- [Records contained in a dataset]
================

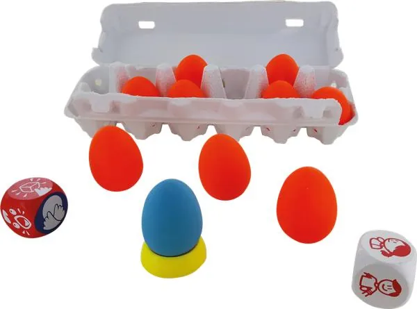Qu'allons-nous devoir faire à ce tour ? Crier « Cocorico », attraper l'œuf sur le coquetier, prendre une pause disco ? Les situations loufoques ne manquent pas et seul le plus rapide pourra rajouter un œuf quelque part sur son anatomie, afin d'adopter une pause toujours plus improbable.
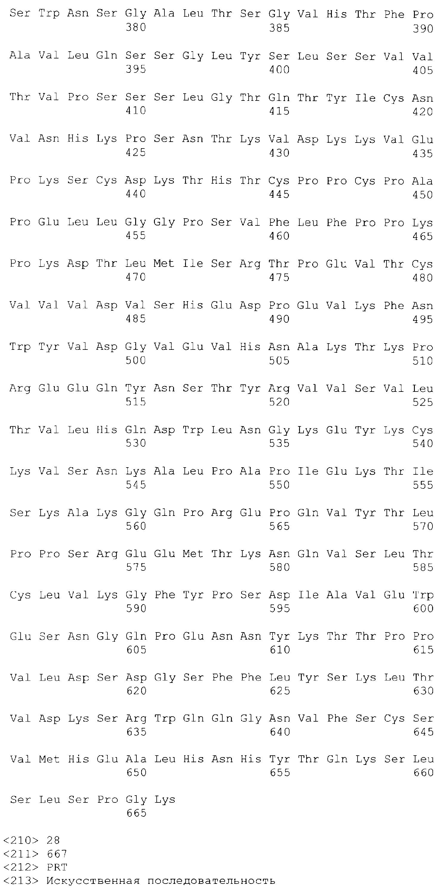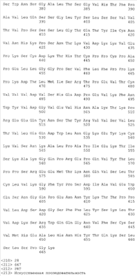 Способы получения химерных и гуманизированных антител описаны в и других источниках в данной области, включая, например, патент США 6235883 по полным моноклональным антителам против рецептора человеческого эпидермального фактора роста; ЕР 184187 по мышиному-человеческому химерному антителу; ЕР 844306 по способу получения рекомбинантных антител с использованием фаговой технологии; патент США 5859205 по получению CDR-трансплантированных антител, предпочтительно гуманизированных антител, содержащих не относящийся к человеческому донорный и человеческий акцепторные или каркасные участки, ЕР 120694; ЕР 125023; ЕР 171496; ЕР 173494; ЕР 239400; WO 1989/07452; WO 1990/07861 и WO 1986/01533 по способам получения гуманизированных антител; заявка на патент США 2003/0039649 по супергуманизированным антителам; заявка на патент США 2003/0039645 по гуманизированным антителам со специфичностью к человеческому TNF-альфа; ЕР 239400 по рекомбинантным антителам и их получению; WO 1991/09967 по гуманизированным антителам; WO 1992/01047 по получению антител; WO 1992/22653 по способам получения гуманизированных антител; WO 1993/11161 по поливалентным антигенсвязывающим белкам; WO 1994/13804 по поливалентным антигенсвязывающим белкам; WO 2000/66631 по членам со специфическим связыванием для ТФР-бета; и Henry «Special Delivery: Alternative methods for delivering drugs improve performance, convenience and patient compliance». C&EN, p. 49-65 (2000). Смотри также патенты США 6140471 и 5969108, и 5872215, и 5871907, и 5858657, и 5837242, и 5733743; ЕР 1024191; ЕР 774511; WO 1997/13844; ЕР 656941 и 605522, и WO 1994/13804; ЕР 589877; ЕР 585287; WO 1993/19172; ЕР 540586; WO 1993/06213; WO 1992/20791; WO 1992/01787 и WO 1992/01047. Кроме того, в WO 2004/065417 раскрываются различные изменения в антителах и антигенсвязывающих фрагментах для повышения выхода. Также смотри патент США 20050049403.
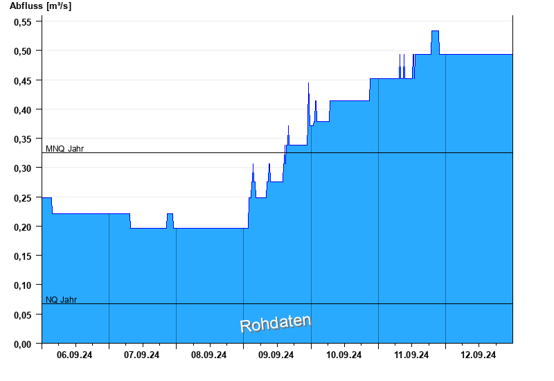 - Mittlerer Niedrigwasserabfluss MNQ 0,325 m³/s
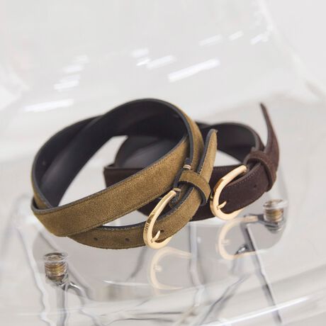 ・ベージュとブラウンのカラーとくすんだゴールドのバックルが品のあるデザイン
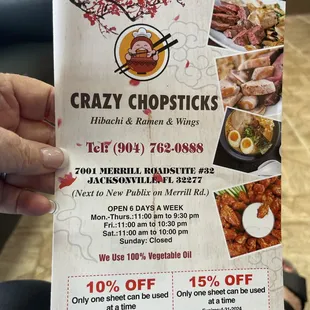 This is my second visit in 1 wk since I discovered Crazy Chopsticks. Both visits I ordered the Tonkotsu ramen because it's just so delicious and I couldn't get myself to order anything else, but there are several ramen choices and all sound great. My husband ordered the NY strip steak hibachi the first visit and loved it, said the steak was very tender and everything was delicious (except "the clear soup was a little bland"). Second visit he had the chicken katsu and reported it was delicious, crispy and flavorful with a black garlic sauce we drizzled over it with white rice was two thumbs up, also the miso soup was a better choice in his opinion.The service is great, they're quick and happy to have your business, this is a counter service take out restaurant.I'm so happy to have found this place and to recommend this neighborhood Asian ramen joint!
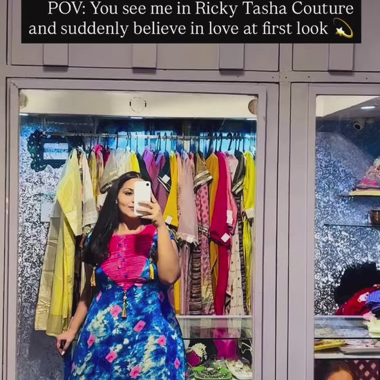 Step into regal charm with the Royal Amethyst Trail Gown from House of Ricky Tasha. The deep amethyst hues with splashes of pink create a contemporary ethnic vibe, while the plunging neckline and long flowing trail silhouette add dramatic flair. A fusion masterpiece, it blends Indian artistry with global runway appeal.
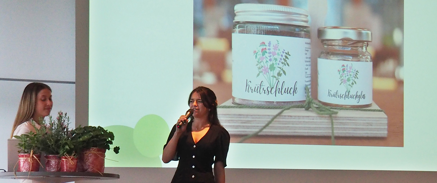 In der heimischen Küche hatte das Experiment „Krütrschluck“ für die beiden jungen Frauen begonnen; die Mixtur aus Molke und pulverisierten Kräutern wollte geschmacklich abgestimmt werden – denn nicht nur die gesundheitliche Wirkung von Goldmelisse, Zitronenmelisse, Frauenmantel, Käsepappel & Co. sei ausschlaggebend. Zudem, so Greussing und Feurstein, hätten sie auch den Anspruch, dass ihr „Krütrschluck“ den Konsumentinnen und Konsumenten schmecke und in einer Art und Weise präsentiert und verpackt sei, die einfache Handhabung und lange Haltbarkeit garantiere. Damit und mit ihrer gelungenen Kostenrechnung und Marketingstrategie konnte das Duo aus dem Bregenzerwald nicht nur seinen Projektpartner Metzler naturhautnah, sondern auch die Jury bei den Awards überzeugen.
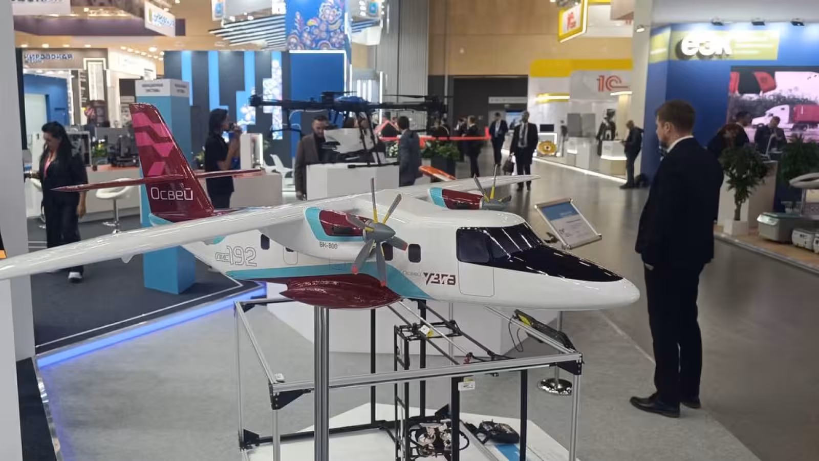 На минской выставке «Иннопром» представили макет нового российско-белорусского самолёта ЛМС-192 «Освей». Журналисты заметили, что модель изменилась в сравнении с первым рендером, показанным в мае 2024 года.
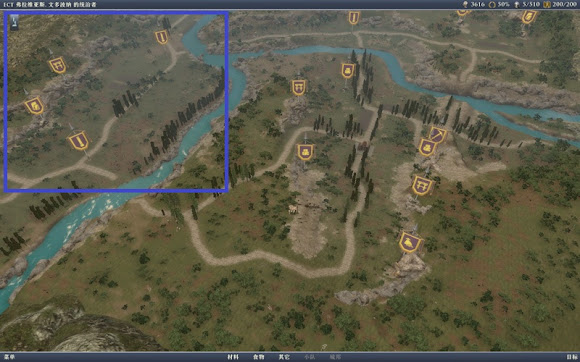 在初期建立了基本的資源供給鏈後就要快速的向地圖西方殖民(藍色方框區域),西部大片的空地更適合城市的集中規劃。
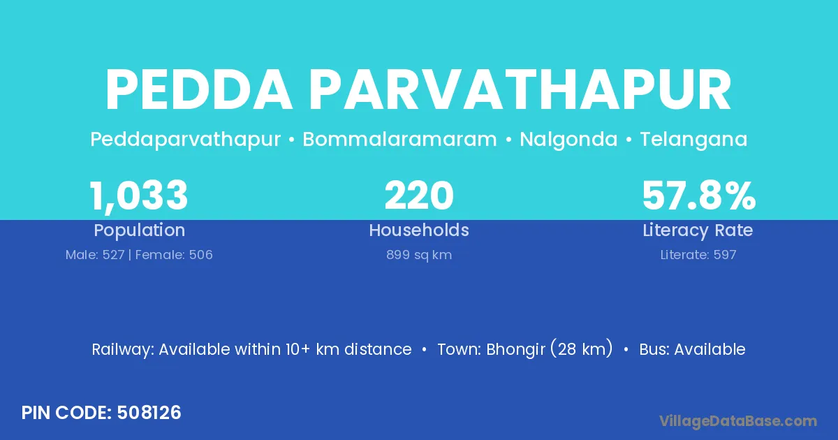 Pedda Parvathapur village has a total population of 1,033 people, of which 527 are males and 506 are females.
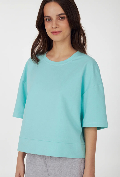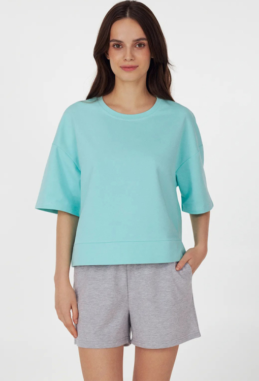 Легкий и приятный к телу женский костюм Amber от украинского бренда Ellen. Костюм выполнен из качественной и мягкого двунитки, состоит из футболки зеленого цвета и серых шорт. Футболка свободного кроя, с рукавами до локтя, приспущенным плечевым швом и круглым вырезом горла, низ обработан свободной манжетой. Шорты прямого кроя, с мягкой резинкой в поясе и удобными боковыми карманами. Костюм очень красивый и комфортный, будет отличной одеждой для дома или полезным подарком любимому и близкому человеку!
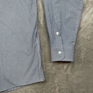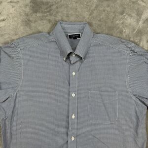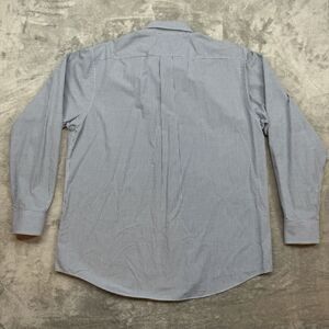 This is a men's Club Room button-down shirt in size 16.5 with long sleeves and a collared neckline. It is blue in color and made of cotton with a woven fabric type. The shirt features a button closure, button-down collar, and has a regular fit. It is designed for easy care and has pockets, suitable for a classic and dad-themed look.
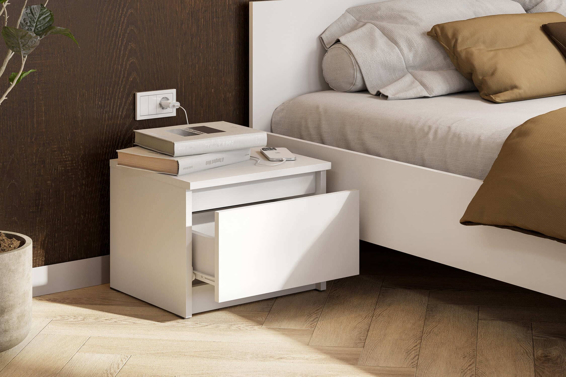 Комод c распашными створками и с тремя выкатными ящиками на роликовых направ- ляющих. Слева и справа отсеки для хранения с полкой. Фасады накладные.
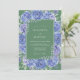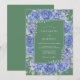 This design showcases an abundant border of watercolor roses and hydrangeas in shades of cornflower and periwinkle blue. A solid sage green backdrop provides a sophisticated contrast to the lush floral arrangements and delicate leafy greenery. The overall aesthetic is romantic and elegant, perfect for a refined springtime event.

================

Reproduce every record in full. Leave out the images.

- [RESPONSE AREA]
Qu'allons-nous devoir faire à ce tour ? Crier « Cocorico », attraper l'œuf sur le coquetier, prendre une pause disco ? Les situations loufoques ne manquent pas et seul le plus rapide pourra rajouter un œuf quelque part sur son anatomie, afin d'adopter une pause toujours plus improbable.
 Способы получения химерных и гуманизированных антител описаны в и других источниках в данной области, включая, например, патент США 6235883 по полным моноклональным антителам против рецептора человеческого эпидермального фактора роста; ЕР 184187 по мышиному-человеческому химерному антителу; ЕР 844306 по способу получения рекомбинантных антител с использованием фаговой технологии; патент США 5859205 по получению CDR-трансплантированных антител, предпочтительно гуманизированных антител, содержащих не относящийся к человеческому донорный и человеческий акцепторные или каркасные участки, ЕР 120694; ЕР 125023; ЕР 171496; ЕР 173494; ЕР 239400; WO 1989/07452; WO 1990/07861 и WO 1986/01533 по способам получения гуманизированных антител; заявка на патент США 2003/0039649 по супергуманизированным антителам; заявка на патент США 2003/0039645 по гуманизированным антителам со специфичностью к человеческому TNF-альфа; ЕР 239400 по рекомбинантным антителам и их получению; WO 1991/09967 по гуманизированным антителам; WO 1992/01047 по получению антител; WO 1992/22653 по способам получения гуманизированных антител; WO 1993/11161 по поливалентным антигенсвязывающим белкам; WO 1994/13804 по поливалентным антигенсвязывающим белкам; WO 2000/66631 по членам со специфическим связыванием для ТФР-бета; и Henry «Special Delivery: Alternative methods for delivering drugs improve performance, convenience and patient compliance». C&EN, p. 49-65 (2000). Смотри также патенты США 6140471 и 5969108, и 5872215, и 5871907, и 5858657, и 5837242, и 5733743; ЕР 1024191; ЕР 774511; WO 1997/13844; ЕР 656941 и 605522, и WO 1994/13804; ЕР 589877; ЕР 585287; WO 1993/19172; ЕР 540586; WO 1993/06213; WO 1992/20791; WO 1992/01787 и WO 1992/01047. Кроме того, в WO 2004/065417 раскрываются различные изменения в антителах и антигенсвязывающих фрагментах для повышения выхода. Также смотри патент США 20050049403.
 - Mittlerer Niedrigwasserabfluss MNQ 0,325 m³/s
 ・ベージュとブラウンのカラーとくすんだゴールドのバックルが品のあるデザイン
 This is my second visit in 1 wk since I discovered Crazy Chopsticks. Both visits I ordered the Tonkotsu ramen because it's just so delicious and I couldn't get myself to order anything else, but there are several ramen choices and all sound great. My husband ordered the NY strip steak hibachi the first visit and loved it, said the steak was very tender and everything was delicious (except "the clear soup was a little bland"). Second visit he had the chicken katsu and reported it was delicious, crispy and flavorful with a black garlic sauce we drizzled over it with white rice was two thumbs up, also the miso soup was a better choice in his opinion.The service is great, they're quick and happy to have your business, this is a counter service take out restaurant.I'm so happy to have found this place and to recommend this neighborhood Asian ramen joint!
 Step into regal charm with the Royal Amethyst Trail Gown from House of Ricky Tasha. The deep amethyst hues with splashes of pink create a contemporary ethnic vibe, while the plunging neckline and long flowing trail silhouette add dramatic flair. A fusion masterpiece, it blends Indian artistry with global runway appeal.
 In der heimischen Küche hatte das Experiment „Krütrschluck“ für die beiden jungen Frauen begonnen; die Mixtur aus Molke und pulverisierten Kräutern wollte geschmacklich abgestimmt werden – denn nicht nur die gesundheitliche Wirkung von Goldmelisse, Zitronenmelisse, Frauenmantel, Käsepappel & Co. sei ausschlaggebend. Zudem, so Greussing und Feurstein, hätten sie auch den Anspruch, dass ihr „Krütrschluck“ den Konsumentinnen und Konsumenten schmecke und in einer Art und Weise präsentiert und verpackt sei, die einfache Handhabung und lange Haltbarkeit garantiere. Damit und mit ihrer gelungenen Kostenrechnung und Marketingstrategie konnte das Duo aus dem Bregenzerwald nicht nur seinen Projektpartner Metzler naturhautnah, sondern auch die Jury bei den Awards überzeugen.
 На минской выставке «Иннопром» представили макет нового российско-белорусского самолёта ЛМС-192 «Освей». Журналисты заметили, что модель изменилась в сравнении с первым рендером, показанным в мае 2024 года.
 在初期建立了基本的資源供給鏈後就要快速的向地圖西方殖民(藍色方框區域),西部大片的空地更適合城市的集中規劃。
 Pedda Parvathapur village has a total population of 1,033 people, of which 527 are males and 506 are females.
 Легкий и приятный к телу женский костюм Amber от украинского бренда Ellen. Костюм выполнен из качественной и мягкого двунитки, состоит из футболки зеленого цвета и серых шорт. Футболка свободного кроя, с рукавами до локтя, приспущенным плечевым швом и круглым вырезом горла, низ обработан свободной манжетой. Шорты прямого кроя, с мягкой резинкой в поясе и удобными боковыми карманами. Костюм очень красивый и комфортный, будет отличной одеждой для дома или полезным подарком любимому и близкому человеку!
 This is a men's Club Room button-down shirt in size 16.5 with long sleeves and a collared neckline. It is blue in color and made of cotton with a woven fabric type. The shirt features a button closure, button-down collar, and has a regular fit. It is designed for easy care and has pockets, suitable for a classic and dad-themed look.
 Комод c распашными створками и с тремя выкатными ящиками на роликовых направ- ляющих. Слева и справа отсеки для хранения с полкой. Фасады накладные.
 This design showcases an abundant border of watercolor roses and hydrangeas in shades of cornflower and periwinkle blue. A solid sage green backdrop provides a sophisticated contrast to the lush floral arrangements and delicate leafy greenery. The overall aesthetic is romantic and elegant, perfect for a refined springtime event.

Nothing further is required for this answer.